As if the sky had been holding back and was only now showing its full depth.

He thought about his father's words, years ago, standing on a sword above the forest: You'll need to persevere through the Martial, Foundation, and Houtian realms before you'll stand on a sword of your own.

One down. Two to go. And the world between here and there was bigger than he'd imagined.

___

Qinghe City announced itself with noise.

They heard it before they saw it — the hum of thousands of people living, working, arguing, and trading compressed into a space that the Ironwood Forest could have swallowed without noticing. Then the walls appeared, grey stone rising above the grassland, and beyond them rooftops and smoke and movement.

The gates were broad and busy. Merchants queued with wagons. Travelers presented identification tokens. A pair of guards in prefecture livery checked documentation with the bored efficiency of people who'd done this ten thousand times.

Meilin handled their entry — branch identification tokens, mission documentation, the standard paperwork. The guards barely glanced at it. One of them noticed Wuji's sword and raised an eyebrow at the plain steel and violet wrap, but said nothing.

Inside, the city hit like a wave.

Wuji had grown up in a community of twenty-five hundred. Qinghe held fifty thousand. The streets were packed — food vendors, textile merchants, tool sellers, herbalists, children running between legs, mortal laborers hauling goods.
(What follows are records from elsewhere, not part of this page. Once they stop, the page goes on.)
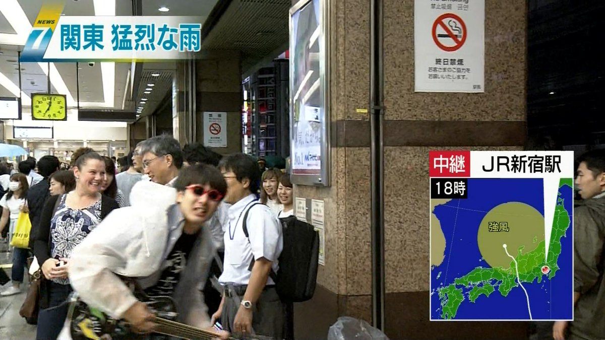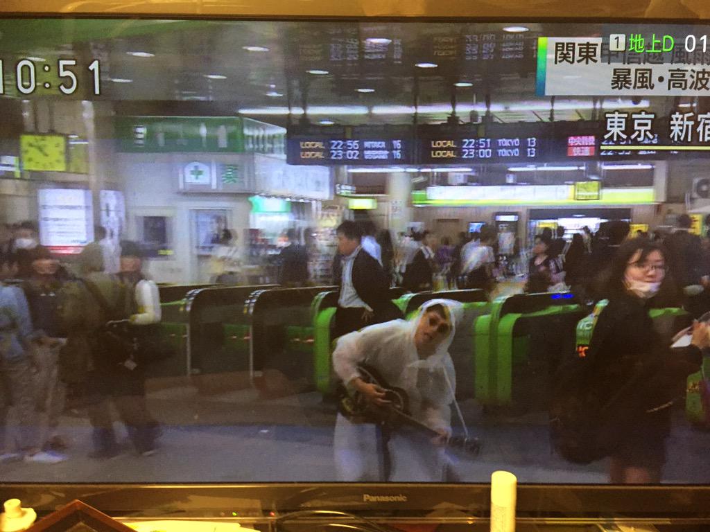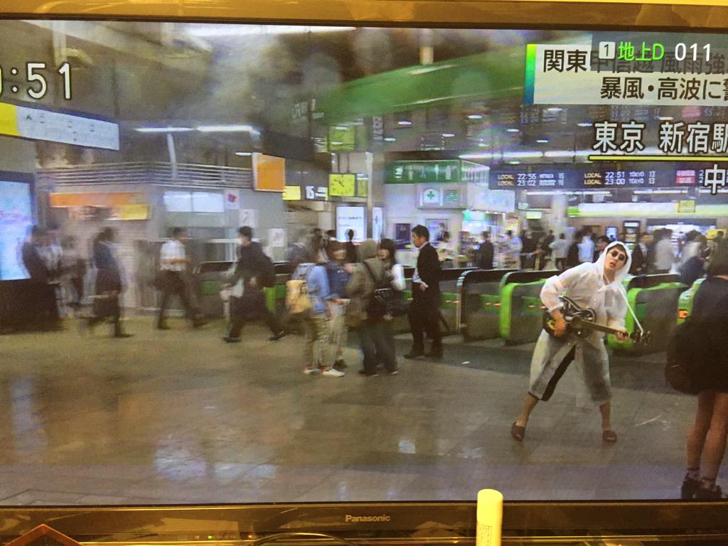 なんか今ニュースで新宿駅が映ってて台風について電車が遅れてます〜的な事を言ってる後ろにカッパ着てギター弾いてる人写って爆笑した w ww w 何してんだ w w w 雨の中カッパ着てギター🎸w w w w http://t.co/FeBxo1erIo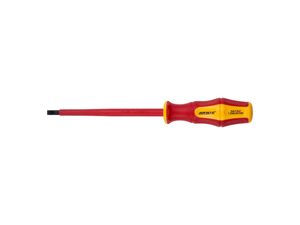 Šroubovák je vybaven izolovanou rukojetí z materiálu, který zajišťuje elektrickou izolaci a chrání uživatele před úrazem elektrickým proudem, přičemž umožňuje bezpečné uchopení.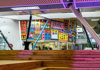 Quote van de kunstenaar over deze muur: “Een streepjescode is gecodeerde informatie, een bibliotheek: een huis vol gecodeerde informatie.”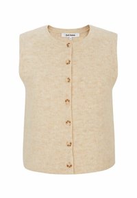 Tikitud türkiissinine vest ümarate kaelusega ja esiküljel nööpidega, kantud hele sinise tekstuurse pika varrukaga särgi peal; kreemjad püksid.

Above it all, the faint shimmer of the cultivator district's formation barriers was visible in the eastern sky like a heat haze.
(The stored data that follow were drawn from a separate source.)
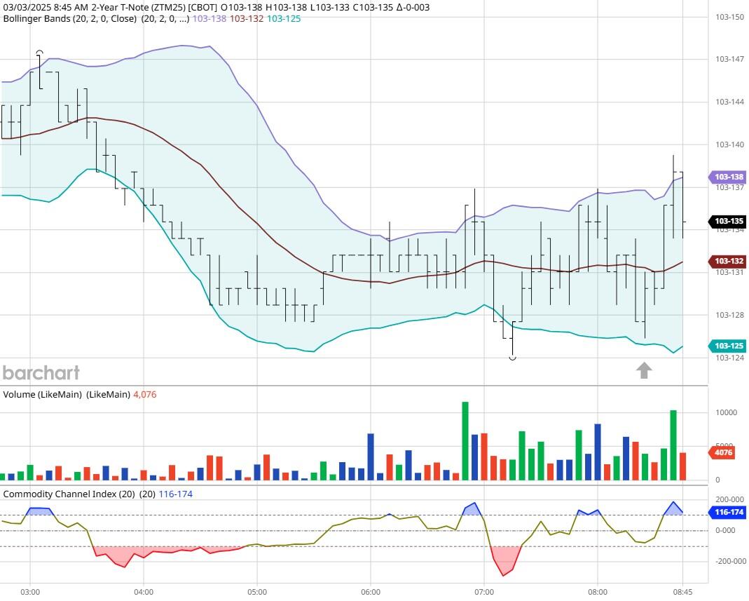 Yesterday the ZT Migrated Higher at around 8:15 AM EST with no economic news reported. The Dow moved Lower at the same time. Look at the charts below and you'll see a pattern for both assets. The Dow moved Lower at 8:15 AM EST and the ZT moved Higher at around the same time. These charts represent the newest version of Bar Charts, and I've changed the timeframe to a 15-minute chart to display better. This represented a Long opportunity on the 2-year note, as a trader you could have netted about a dozen ticks per contract on this trade. Each tick is worth $7.625. Please note: the front month for ZT is now Jun '25 and the Dow is still Mar '25. I've changed the format to filled Candlesticks (not hollow) such that it may be more apparent and visible.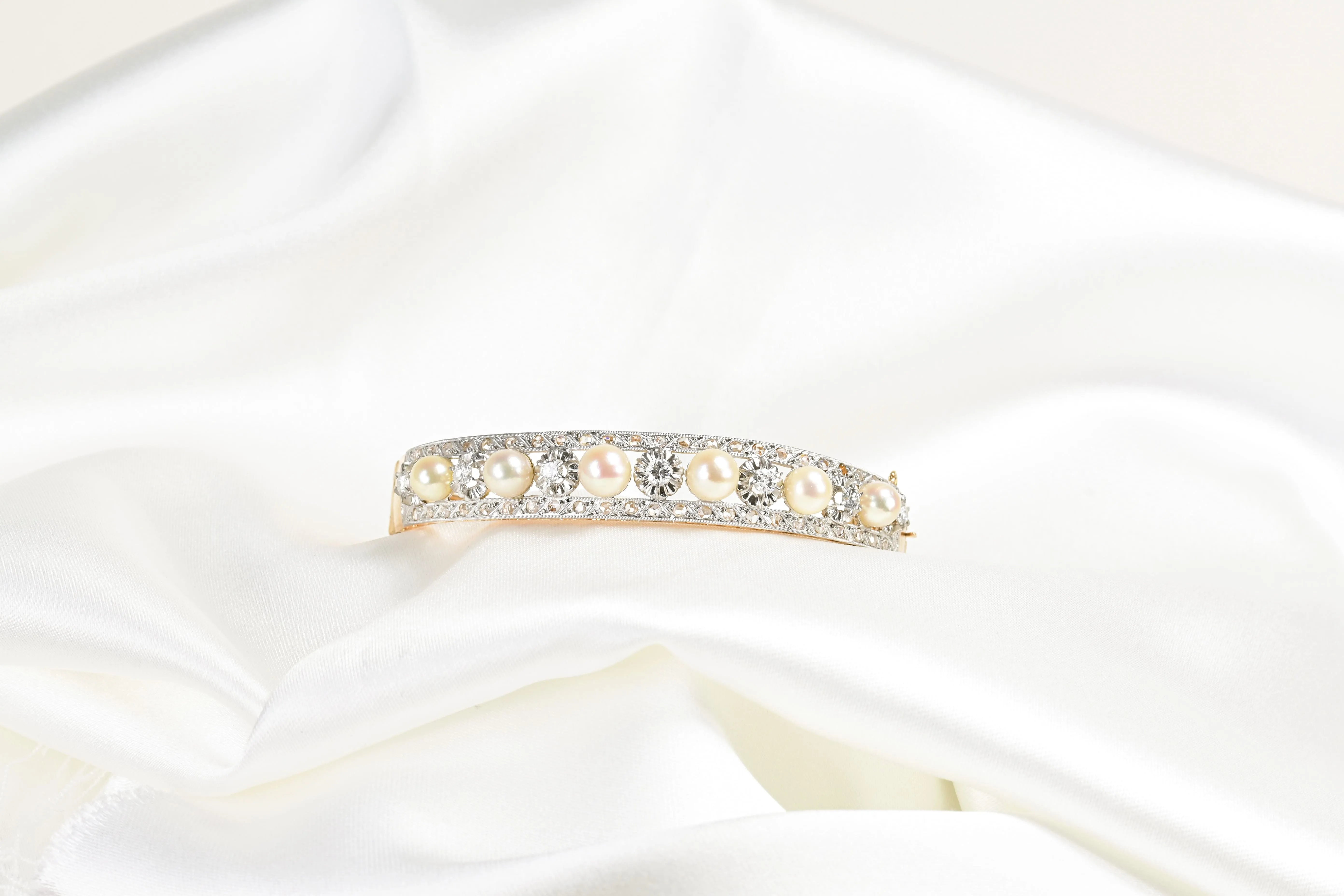 Rigid Bracelet in Yellow Gold and Platinum with Pearls and Diamonds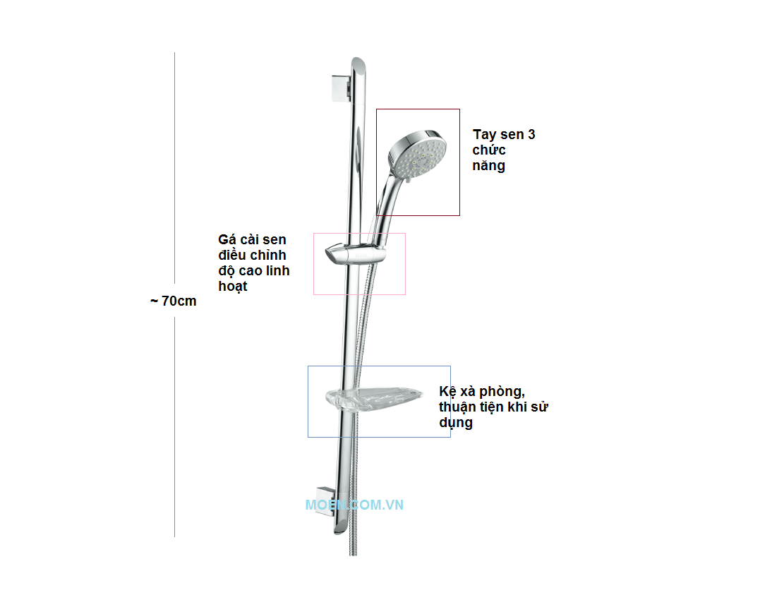 Bộ sản phẩm bao gồm thanh trượt, gá cài sen, dây và tay sen, kệ xà phòng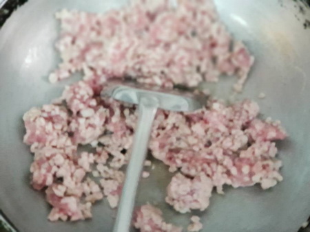 4. ใส่เ นื้ อสั ตว์ที่สั บเตรียมไว้ ลงไปผัดให้สุ ก ปรุงรสด้วยน้ำปล า เ ห ย าะน้ำตาลตัดรสเพียงเล็กน้อย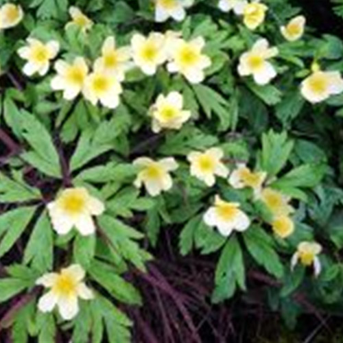 A ranunculoides Delicate cream yellow flowers over finely divided dark green leaves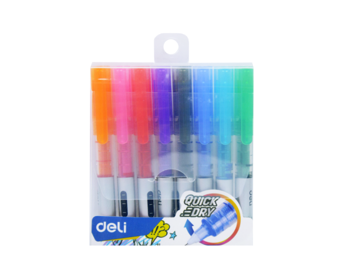 Pochette de 8 stylos rollers encre gel Deli-Q300-8C THINK Pointe de 0.5 MM Assorties

Meilin navigated with practiced ease. "Apothecary first — herb procurement takes the longest because they inspect everything. Then the Forge Hall for Desheng's commission. Myriad Treasures Pavilion last, if we have time." She glanced at him. "Unless you have business there?"

Wuji's hand drifted to the inner pocket of his robe, where the Merchant's Favor token rested — warm jade against his chest.

"I might," he said.

Meilin raised an eyebrow but didn't press.
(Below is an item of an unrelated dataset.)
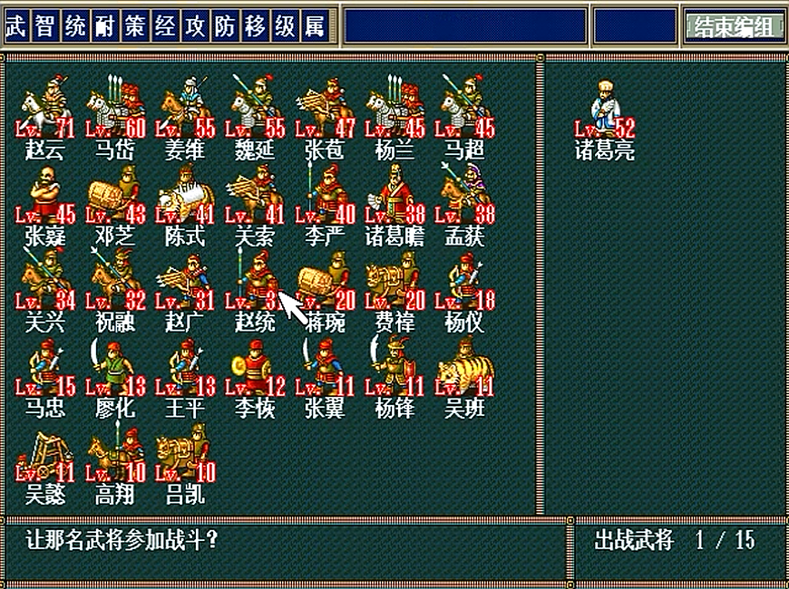 以上就是我方所有的骑兵,除去离队的4位,剩下的骑兵中,前中期用赵云、魏延、马超,后期就是赵云、魏延、姜维。我个人是这样使用的,总而言之,一切都是看属性,谁属性高,那就谁上!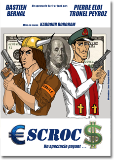 Les Escrocs Parce que les escrocs sont partout... Et parce qu'ils ont toujours été... €scroc$ est un spectacle où l'on parle escroquerie, on chante escroquerie, on rit escrocquerie... Un spectacle d'escrocs, fait pour des escrocs et joué par des escrocs. C'est drôle... surtout quand ça arrive aux autres ! Préparez vos zygomatiques et cachez vos portefeuilles !! Avec : Bastien Bernal, Pierre Eloi Tronel Peyroz Mise en scène : Kaddour Dorgham _______________________________________________________ Lieu : Café Théâtre Le REPAIRE - 2 place des Capucins - 69001 LYON Horaires Décembre : Jeudi 22 à 20h Vendredi 30 à 20h Tarif unique : 11 € pour tous _______________________________________________________ Infos et réservations : 04 82 31 68 02 ou contact@lerepairelyon.com Sur les sites : www.billetreduc.com www.soireespectacles.com www.cityvox.fr |

The cultivator district opened before them like a different world inside the city. Cleaner streets. Better construction. Spiritual energy faintly denser in the air. Faction emblems hung above doorways: the Eternal Flame Apothecary's crimson furnace, the Hundredfold Forge Hall's crossed hammers, the Celestial Inscription Pavilion's silver brushstroke.

And there, at the district's central crossroads, the Myriad Treasures Pavilion — a building that made every other structure on the street look like it was apologizing for existing.

Three stories. Jade-inlaid stone. Formation arrays visible in the architecture itself, shimmering faintly in patterns that suggested both security and display. The emblem above the entrance — a jade coin encircled by clouds — was the same one Fen Lirong had worn on her sleeve.

Wuji looked at the building, felt the token warm against his chest, and felt the storage ring cool on his finger.

So this is where the world trades. Wuji looked back down and started walking.